Now I proceed again backwards. Assuming that I already have n, then m is my unknown and I should try to reformulate the problem into

$$an < m < bn$$

so the unknown stands alone. Now the first part of this inequality is easy, I have a fixed number $an$ so I just need to pick $m$ as the next integer. But I have to start thinking, what about $m < bn$? I need to make sure that there actually is an integer between $an$ and $bn$. But I still haven't chosen $n$, so what about that?

I know there will be an integer between $an$ and $bn$ if $an + 1 < bn$. But then I can solve for $n$ and write

$$ 1 < bn - an \Leftrightarrow \frac{1}{n} < b-a$$

and I know that such an $n$ indeed exists.
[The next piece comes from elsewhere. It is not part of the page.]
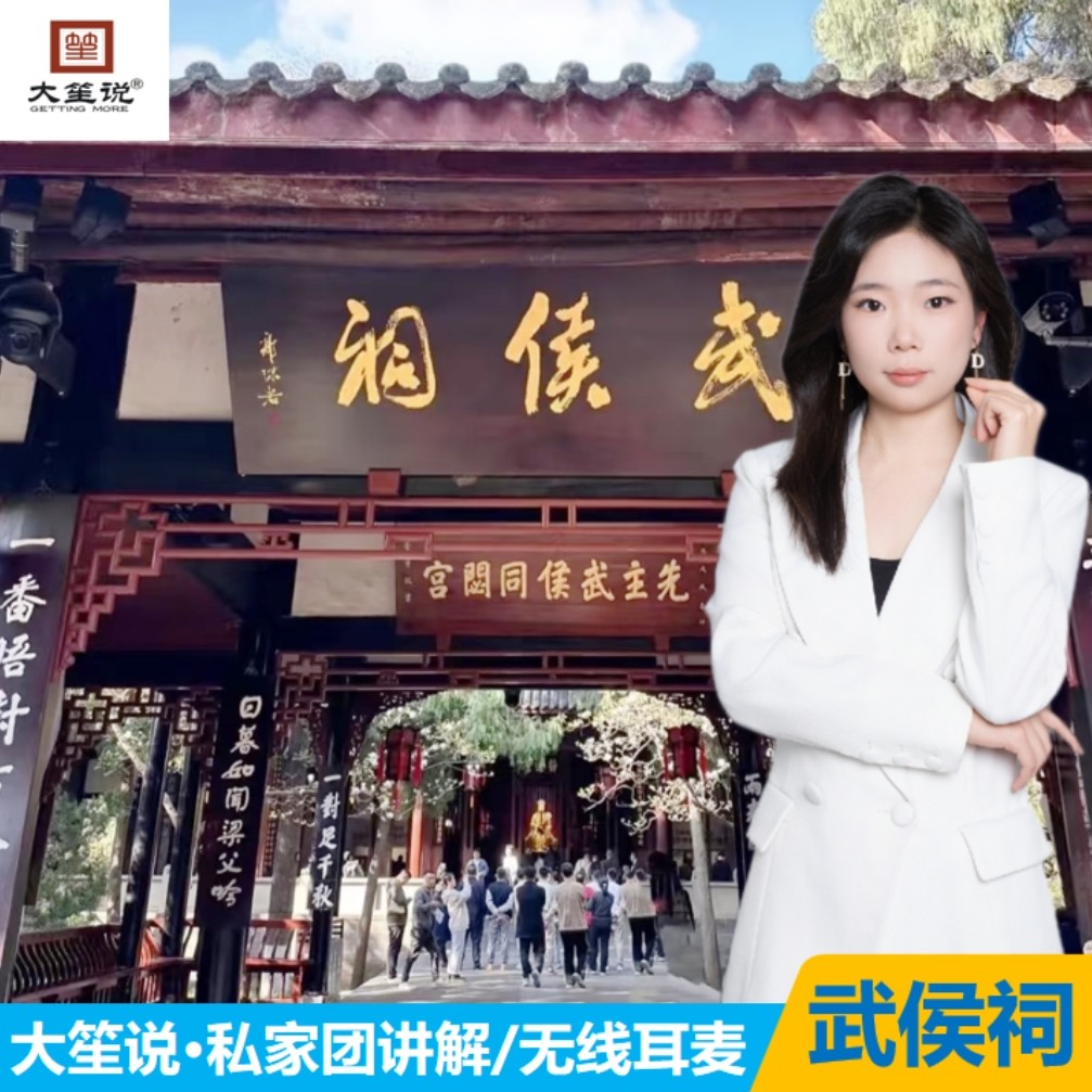 差旅特色专为差旅人士设计的成都武侯祠金牌人工讲解服务,仅需2小时即可沉浸式了解三国文化精髓。行程紧凑、内容精炼,适合在会议间隙或抵达当日快速体验本地人文历史。1对1私享团形式确保讲解节奏贴合个人需求,时间灵活任选,无需拼团等待,最大化利用有限差旅时间,兼顾效率与文化体验。

Now all I need to do is to write down this argument the other way round and end up with a proof.

There is one thing you should always keep in mind about mathematics: Proofs are seldom written down in the same way as they actually were developed. In the beginning you know roughly where to start (many of the conditions for a theorem actually are just put there when you see that you need them in the proof) and you know where you want to end up. From this you usually work in all directions forwards and backwards, sometimes establishing some points in the middle or splitting the result in smaller parts you think are easier, slowly closing the gaps. Then, when you are finished you have something that is rather unreadable, so you put it in the right order, remove some of the rubbish parts you never needed and try to write it down precisely.
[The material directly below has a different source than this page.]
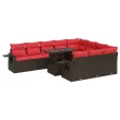 vidaXL Vrtna sedežna garnitura z blazinami 11-delna rjav ratan/akacija

Many mathematicians are able to write down smaller proofs they just thought of in the correct order directly, but they will just have done the same back and forth in their mind, at least that's how I usually do this. However note, that there is no magic proof strategy that will always give you a result, just a bag of tricks you know and years of training and the intuition devolped from this training. There may be some savants, who just see the result, but they really are an exception.

Answer 3

This answer is not as elegant as the others, but I am posting this here for myself. This is how you might have solved the question pre-draft if it were on a timed exam. By the Archimedean Property, we may have also first chosen the smallest integer $m$ such that $na \lt m$, and only then justified a choice for $n$ upon examination of the inequality $m \lt na + 1$. That $a \lt b - \frac{1}{n}$ (not "equals to", lest we contradict that $a \lt b$) follows naturally from seeking simple cancellation without regard to a geometric construction like presented in Understanding Analysis, Stephen Abbott, and anyways it is also justified by the Archimedean Property.